Rick and Morty: Smartest Morty in the multiverse

Chapter 19: Beth sad life



The dinner was finally finished, the smell of roasted vegetables, simmering sauce, and baked bread curling through the Smith household like a weary sigh. Beth called for dinner with a voice that vibrated through the walls not sharp, not angry, just loud enough to carry, stripped of any warmth or invitation, the kind of voice that said 'come eat' and little else.

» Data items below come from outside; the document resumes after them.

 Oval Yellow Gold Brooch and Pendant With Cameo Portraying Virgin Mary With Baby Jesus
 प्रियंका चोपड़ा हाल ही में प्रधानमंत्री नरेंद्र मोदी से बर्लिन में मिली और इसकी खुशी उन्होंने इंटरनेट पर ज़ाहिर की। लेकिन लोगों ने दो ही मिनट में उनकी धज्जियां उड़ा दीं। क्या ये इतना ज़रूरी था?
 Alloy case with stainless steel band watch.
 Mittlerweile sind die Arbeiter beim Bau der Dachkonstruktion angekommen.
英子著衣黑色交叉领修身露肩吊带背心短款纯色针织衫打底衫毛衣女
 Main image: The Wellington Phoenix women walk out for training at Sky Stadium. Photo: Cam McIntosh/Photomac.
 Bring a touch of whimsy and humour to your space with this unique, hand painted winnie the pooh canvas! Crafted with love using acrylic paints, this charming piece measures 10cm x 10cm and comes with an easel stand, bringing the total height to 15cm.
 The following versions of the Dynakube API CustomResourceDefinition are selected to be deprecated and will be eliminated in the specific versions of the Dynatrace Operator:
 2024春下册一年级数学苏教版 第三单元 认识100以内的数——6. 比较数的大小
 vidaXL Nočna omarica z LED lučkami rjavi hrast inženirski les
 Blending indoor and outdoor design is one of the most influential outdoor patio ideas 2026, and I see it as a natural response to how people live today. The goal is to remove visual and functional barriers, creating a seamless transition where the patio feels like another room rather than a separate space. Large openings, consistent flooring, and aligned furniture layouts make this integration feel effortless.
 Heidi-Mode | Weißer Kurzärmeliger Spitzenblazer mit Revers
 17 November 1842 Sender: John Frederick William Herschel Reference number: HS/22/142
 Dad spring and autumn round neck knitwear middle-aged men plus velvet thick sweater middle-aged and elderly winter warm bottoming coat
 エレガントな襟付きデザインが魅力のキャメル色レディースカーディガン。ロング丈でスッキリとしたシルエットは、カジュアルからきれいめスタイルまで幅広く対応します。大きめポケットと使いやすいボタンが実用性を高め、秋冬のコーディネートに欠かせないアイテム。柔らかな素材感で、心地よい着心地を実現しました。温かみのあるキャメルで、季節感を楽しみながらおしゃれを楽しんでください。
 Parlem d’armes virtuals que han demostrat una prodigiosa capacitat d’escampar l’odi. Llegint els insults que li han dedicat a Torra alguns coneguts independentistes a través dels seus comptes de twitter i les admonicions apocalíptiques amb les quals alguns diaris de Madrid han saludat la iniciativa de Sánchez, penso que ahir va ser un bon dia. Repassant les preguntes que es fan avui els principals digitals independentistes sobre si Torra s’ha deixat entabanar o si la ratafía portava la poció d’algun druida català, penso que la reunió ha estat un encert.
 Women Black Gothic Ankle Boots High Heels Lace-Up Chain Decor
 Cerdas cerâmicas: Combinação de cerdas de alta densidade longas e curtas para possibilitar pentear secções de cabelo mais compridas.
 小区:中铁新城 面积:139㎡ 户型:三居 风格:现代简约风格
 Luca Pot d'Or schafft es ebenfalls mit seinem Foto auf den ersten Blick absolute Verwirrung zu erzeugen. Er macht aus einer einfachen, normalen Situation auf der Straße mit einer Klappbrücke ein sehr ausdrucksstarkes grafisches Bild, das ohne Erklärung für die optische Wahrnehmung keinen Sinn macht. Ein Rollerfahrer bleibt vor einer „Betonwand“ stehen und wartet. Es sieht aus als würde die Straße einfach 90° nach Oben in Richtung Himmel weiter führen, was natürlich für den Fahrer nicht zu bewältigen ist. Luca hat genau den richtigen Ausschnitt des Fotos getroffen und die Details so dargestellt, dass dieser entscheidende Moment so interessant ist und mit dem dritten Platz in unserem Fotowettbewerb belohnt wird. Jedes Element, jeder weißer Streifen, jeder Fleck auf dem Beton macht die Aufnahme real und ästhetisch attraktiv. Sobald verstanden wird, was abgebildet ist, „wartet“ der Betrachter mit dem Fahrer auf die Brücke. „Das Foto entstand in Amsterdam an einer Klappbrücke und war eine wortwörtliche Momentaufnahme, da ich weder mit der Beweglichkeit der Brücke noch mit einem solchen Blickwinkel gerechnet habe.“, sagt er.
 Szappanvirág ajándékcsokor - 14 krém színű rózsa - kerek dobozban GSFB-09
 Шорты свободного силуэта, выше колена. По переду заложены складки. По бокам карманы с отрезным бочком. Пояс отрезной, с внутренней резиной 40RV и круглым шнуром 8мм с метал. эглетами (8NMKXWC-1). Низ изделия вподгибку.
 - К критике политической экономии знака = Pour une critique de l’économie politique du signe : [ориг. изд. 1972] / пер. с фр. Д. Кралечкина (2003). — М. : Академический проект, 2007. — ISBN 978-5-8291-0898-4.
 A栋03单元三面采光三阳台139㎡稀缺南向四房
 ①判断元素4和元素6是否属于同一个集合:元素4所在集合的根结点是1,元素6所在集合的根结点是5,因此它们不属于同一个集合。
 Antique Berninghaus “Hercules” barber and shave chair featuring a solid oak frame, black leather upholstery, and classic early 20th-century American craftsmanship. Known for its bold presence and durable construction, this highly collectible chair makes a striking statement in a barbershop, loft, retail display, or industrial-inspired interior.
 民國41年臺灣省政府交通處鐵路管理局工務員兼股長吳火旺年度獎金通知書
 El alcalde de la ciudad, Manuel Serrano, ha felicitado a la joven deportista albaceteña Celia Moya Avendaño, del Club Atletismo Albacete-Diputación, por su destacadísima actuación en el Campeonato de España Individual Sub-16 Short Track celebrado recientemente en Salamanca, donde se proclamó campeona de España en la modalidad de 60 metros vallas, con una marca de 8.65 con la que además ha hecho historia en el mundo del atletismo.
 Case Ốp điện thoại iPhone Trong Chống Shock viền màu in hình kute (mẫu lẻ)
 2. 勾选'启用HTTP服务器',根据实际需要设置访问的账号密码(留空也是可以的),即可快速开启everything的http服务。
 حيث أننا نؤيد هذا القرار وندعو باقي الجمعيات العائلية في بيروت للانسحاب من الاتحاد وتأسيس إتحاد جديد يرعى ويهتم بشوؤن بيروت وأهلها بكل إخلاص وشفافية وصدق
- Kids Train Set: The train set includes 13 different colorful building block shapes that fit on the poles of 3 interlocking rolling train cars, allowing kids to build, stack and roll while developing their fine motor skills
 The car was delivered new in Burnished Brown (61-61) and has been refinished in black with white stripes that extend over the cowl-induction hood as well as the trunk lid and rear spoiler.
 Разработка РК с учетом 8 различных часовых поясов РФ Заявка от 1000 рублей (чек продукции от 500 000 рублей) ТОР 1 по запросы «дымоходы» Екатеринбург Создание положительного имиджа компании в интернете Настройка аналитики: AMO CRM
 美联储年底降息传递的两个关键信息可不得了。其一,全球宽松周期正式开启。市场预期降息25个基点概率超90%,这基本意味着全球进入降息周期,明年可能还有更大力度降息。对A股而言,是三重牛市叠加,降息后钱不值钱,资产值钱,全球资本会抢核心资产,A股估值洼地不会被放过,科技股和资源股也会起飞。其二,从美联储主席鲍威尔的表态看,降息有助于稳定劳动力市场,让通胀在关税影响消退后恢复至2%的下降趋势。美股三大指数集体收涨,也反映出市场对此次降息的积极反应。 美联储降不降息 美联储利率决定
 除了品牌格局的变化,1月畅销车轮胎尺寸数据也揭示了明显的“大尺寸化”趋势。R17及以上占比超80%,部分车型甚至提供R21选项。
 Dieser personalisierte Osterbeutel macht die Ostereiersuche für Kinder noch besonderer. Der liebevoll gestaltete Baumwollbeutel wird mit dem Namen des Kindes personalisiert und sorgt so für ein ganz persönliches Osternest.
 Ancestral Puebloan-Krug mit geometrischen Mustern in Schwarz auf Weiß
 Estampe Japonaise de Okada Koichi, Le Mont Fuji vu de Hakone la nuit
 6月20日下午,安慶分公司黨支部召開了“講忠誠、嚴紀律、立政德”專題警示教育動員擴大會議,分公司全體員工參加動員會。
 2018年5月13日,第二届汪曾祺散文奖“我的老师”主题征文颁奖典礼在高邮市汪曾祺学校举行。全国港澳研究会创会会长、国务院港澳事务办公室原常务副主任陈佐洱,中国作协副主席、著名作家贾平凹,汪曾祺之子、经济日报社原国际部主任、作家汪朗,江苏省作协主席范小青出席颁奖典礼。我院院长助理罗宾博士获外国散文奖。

The first one out of her room was Summer, eyes still glued to her phone, thumbs moving in steady rhythm as if her social feed dictated the pulse of the universe itself. She wandered into the kitchen with the detached grace of a sleepwalker, snagged a plate from the counter where Beth had lined them up, and wordlessly pivoted right back out of the room. No thanks. No acknowledgment. Not even a glance toward her mother, who stood there, one hand on the wine glass, the other bracing herself against the counter. Summer vanished up the stairs with a presence so ghostlike it almost felt rehearsed, a scene Beth had come to expect with such regularity it barely registered anymore.

The next person to emerge was Jerry, in all his pathetic, hopeful, clueless glory. He shuffled into the kitchen like a man both apologetic for existing and simultaneously desperate to be noticed.

His eyes darted quickly around the room, landing on Morty who stood near the counter, arms folded, gaze neutral and then flicked toward Beth. Jerry's face lit up with a flash of misplaced confidence, the kind of bravado only a man like Jerry could summon at exactly the wrong moment. "Honey, uh… my favorite show's on the TV. You mind if I watch it while I eat?" His voice had that whiny upward lilt, like a schoolboy asking permission to use the restroom.

Beth, who hadn't even fully turned toward him, stared at the countertop as if the wood grain held the answer to a better life. She didn't say yes. She didn't say no. She just… stayed silent. Shoulders heavy. Wine glass rising to her lips with the slow inevitability of a woman refusing to argue because the argument itself was a waste of breath.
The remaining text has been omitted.